Instructions to follow => All pictures are to be dropped, and everything else in the data duplicated exactly.

START Data section

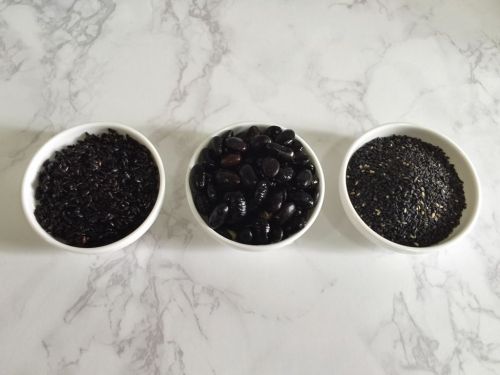 7. 黑豆需提前用清水泡8小时以上,黑米淘洗干净,芝麻炒熟。
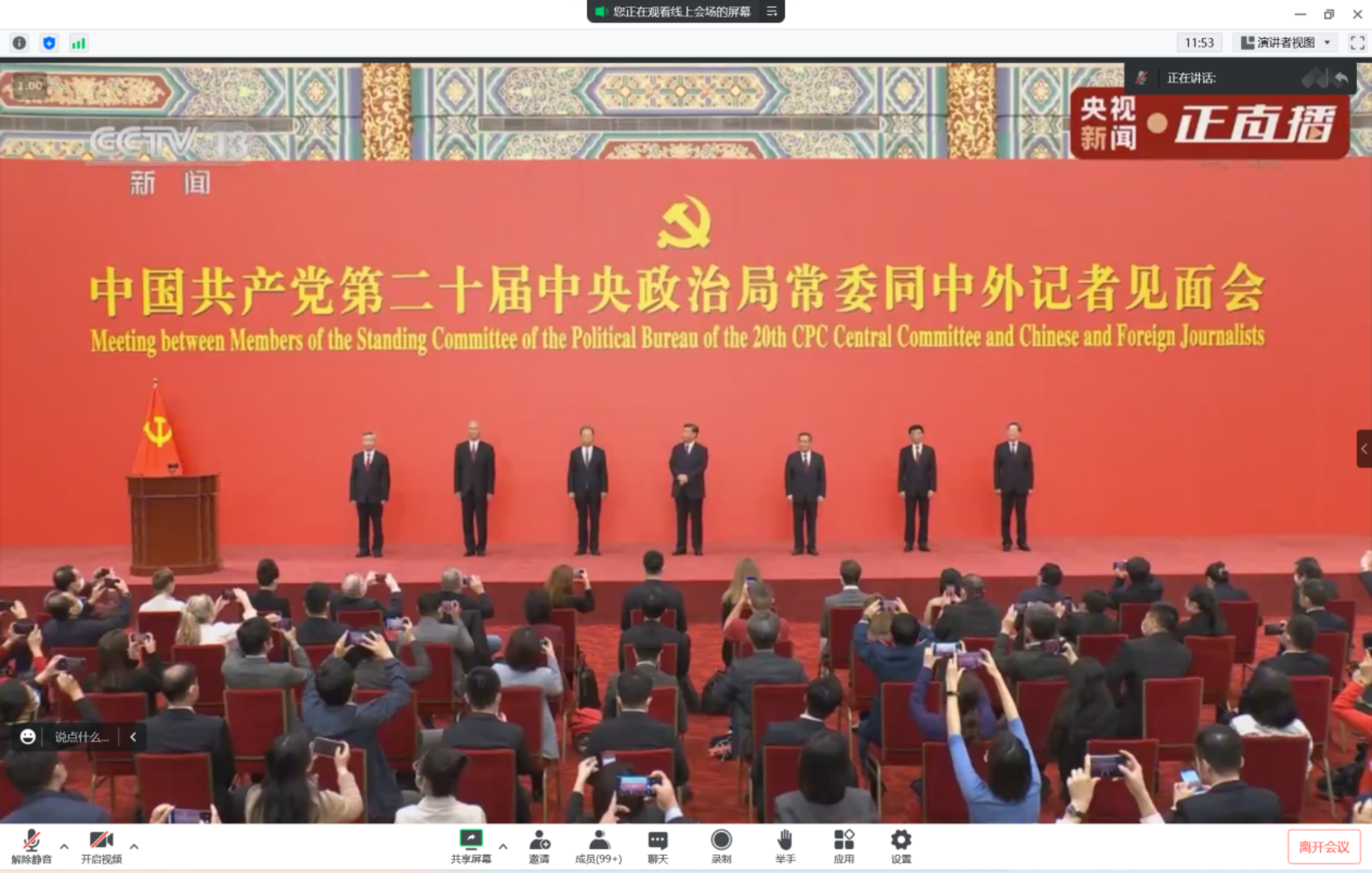 2022年10月23日上午,中国共产党第二十届中央委员会举行了第一次全体会议,选举习近平、李强、赵乐际、王沪宁、蔡奇、丁薛祥、李希七位同志为新一届中央政治局常委。在中外记者见面会上,习近平总书记以饱满的热情同中外记者讲述了中国的美好蓝图。我在太阳集团tyc151,与理论中心组成员及师生党员集体一同收看了记者见面会。从习总书记走出来的那一刻,内心的激动一直不能平复。
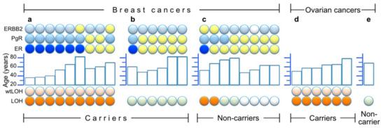 Genetic predisposition to cancer is most often polygenic with no suggestive family history [1], but sometimes it is hereditary, due to a highly penetrant rare mutation, and this is frequently reflected by a prominent family history of the cancer type and an early age of onset [2]. BRCA1 (MIM# 113705) is one of two large genes (BRCA1 and BRCA2) most frequently mutated in families with hereditary breast and ovarian cancer syndrome (HBOC) [3,4,5]. In female carriers of a pathogenic BRCA1 mutation, the average cumulative cancer risk by age 70 is 66% for breast cancer (BC) and 41% for ovarian cancer (OC) [6]. The ratio of OC to BC is associated with the location of the mutation in the gene, and is highest within its central "ovarian cancer cluster" region (OCCR), approximately corresponding to exon 11 [7]. Other genetic and lifestyle/hormonal factors also modify these risks for mutation carriers, exemplified genetically by 26 single nucleotide polymorphisms (SNPs) associated with BC risk, and 11 with OC risk [8]. High-risk kindreds with a BRCA1 mutation may reflect the accumulation of such modifiers, and tested non-carriers in these families may, therefore, or for other reasons, be at elevated risk, or already be affected (known as phenocopies) [9,10]. In many ways, the BRCA2 gene/mutations can be described similarly, with high tissue-specific risks, and risk-modifying effects of lifestyle/hormonal factors, SNPs and three OCCRs in the gene [6,7,8,9,10]. Importantly for the scope of this article, BRCA1 and BRCA2 are tumor-suppressor genes and, in accordance with Knudson’s two-hit model [11], the genotypes in tumors from mutation carriers typically show loss of heterozygosity (LOH), with preferential loss of the non-mutated or "wild-type" copy (wtLOH) of the gene, and its surrounding chromosomal region [12,13]. BRCA1-mutated breast tumors also show a tendency to be pathologically distinguished from other breast tumors with regard to expression of estrogen receptors (ER), as the majority of breast tumors in BRCA1 carriers are ER-negative, while only about 20–30% of other breast tumors (including BRCA2-mutated) are ER-negative [14,15]. For BRCA1 carriers, however, a later age of onset of BC attenuates the BRCA1-characteristic prevalence of ER-negativity [15,16,17].

END Data section

Task output =>
 7. 黑豆需提前用清水泡8小时以上,黑米淘洗干净,芝麻炒熟。
 2022年10月23日上午,中国共产党第二十届中央委员会举行了第一次全体会议,选举习近平、李强、赵乐际、王沪宁、蔡奇、丁薛祥、李希七位同志为新一届中央政治局常委。在中外记者见面会上,习近平总书记以饱满的热情同中外记者讲述了中国的美好蓝图。我在太阳集团tyc151,与理论中心组成员及师生党员集体一同收看了记者见面会。从习总书记走出来的那一刻,内心的激动一直不能平复。
 Genetic predisposition to cancer is most often polygenic with no suggestive family history [1], but sometimes it is hereditary, due to a highly penetrant rare mutation, and this is frequently reflected by a prominent family history of the cancer type and an early age of onset [2]. BRCA1 (MIM# 113705) is one of two large genes (BRCA1 and BRCA2) most frequently mutated in families with hereditary breast and ovarian cancer syndrome (HBOC) [3,4,5]. In female carriers of a pathogenic BRCA1 mutation, the average cumulative cancer risk by age 70 is 66% for breast cancer (BC) and 41% for ovarian cancer (OC) [6]. The ratio of OC to BC is associated with the location of the mutation in the gene, and is highest within its central "ovarian cancer cluster" region (OCCR), approximately corresponding to exon 11 [7]. Other genetic and lifestyle/hormonal factors also modify these risks for mutation carriers, exemplified genetically by 26 single nucleotide polymorphisms (SNPs) associated with BC risk, and 11 with OC risk [8]. High-risk kindreds with a BRCA1 mutation may reflect the accumulation of such modifiers, and tested non-carriers in these families may, therefore, or for other reasons, be at elevated risk, or already be affected (known as phenocopies) [9,10]. In many ways, the BRCA2 gene/mutations can be described similarly, with high tissue-specific risks, and risk-modifying effects of lifestyle/hormonal factors, SNPs and three OCCRs in the gene [6,7,8,9,10]. Importantly for the scope of this article, BRCA1 and BRCA2 are tumor-suppressor genes and, in accordance with Knudson’s two-hit model [11], the genotypes in tumors from mutation carriers typically show loss of heterozygosity (LOH), with preferential loss of the non-mutated or "wild-type" copy (wtLOH) of the gene, and its surrounding chromosomal region [12,13]. BRCA1-mutated breast tumors also show a tendency to be pathologically distinguished from other breast tumors with regard to expression of estrogen receptors (ER), as the majority of breast tumors in BRCA1 carriers are ER-negative, while only about 20–30% of other breast tumors (including BRCA2-mutated) are ER-negative [14,15]. For BRCA1 carriers, however, a later age of onset of BC attenuates the BRCA1-characteristic prevalence of ER-negativity [15,16,17].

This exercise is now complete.